Odds are just a price tag on probability. They tell you two things at once: how likely a bookmaker thinks an outcome is, and how much you'll get paid if you're right. That's it. The confusion only starts because three regions decided to express the same information in three different ways.

Think of it this way. A coin flip has a true probability of 50%. Strip out the bookmaker's cut, and that flip would be priced as 2.00 decimal, 1/1 fractional, or +100 American. Identical bet, three costumes.

  • Decimal — total return per $1 staked, including your stake back
  • Fractional — profit relative to your stake, written as a ratio
  • American — profit on $100, or stake needed to win $100

Once you see them lined up, the panic fades. Here's the same handful of probabilities across all three:

Implied ProbabilityDecimalFractionalAmerican
50%2.001/1+100
33.3%3.002/1+200
66.7%1.501/2-200
20%5.004/1+400

Decimal, Fractional, and American Side by Side

Notice how decimal odds climb as outcomes get less likely—5.00 means a long shot, 1.50 means a heavy favourite. Fractional tells the same story through a ratio: 4/1 pays four times your stake in profit. American flips its sign depending on which side of even money you're on. A favourite at 66.7% probability shows -200, meaning you risk $200 to win $100. The underdog at 20% shows +400, meaning $100 returns $400 profit. Three languages, one message. Master the translation once and every odds board in Canada—from OLG approved betting sites to anywhere—reads the same.

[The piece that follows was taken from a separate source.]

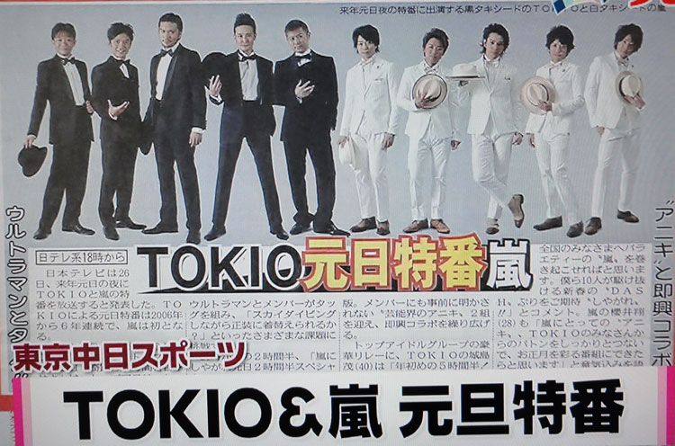 TOKIO、嵐 元日特番 日テレ系18時から
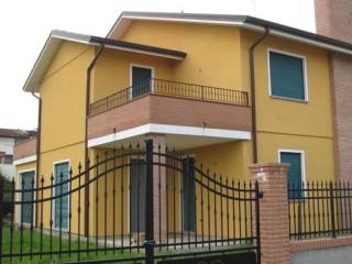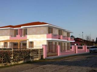 Piano terra: portico, studio, corridoio, soggiorno, cucina, due camere, bagno, centrale termica e ampio portico sul lato sud.

Why Do Canadian Bookmakers Favour Decimal Odds?

Walk into any Canadian sportsbook app and you'll see decimal odds as the default. There's a practical reason Canadian bookmakers use decimal odds, and it comes down to mental math under pressure.

Decimal odds answer the only question that matters fast: what's my total return? Multiply your stake by the decimal number and you're done. Bet $50 at 2.40? That's $120 back, profit and stake combined. No subtraction, no ratio gymnastics. When you're placing a live bet during a power play and odds shift every few seconds, that simplicity is gold.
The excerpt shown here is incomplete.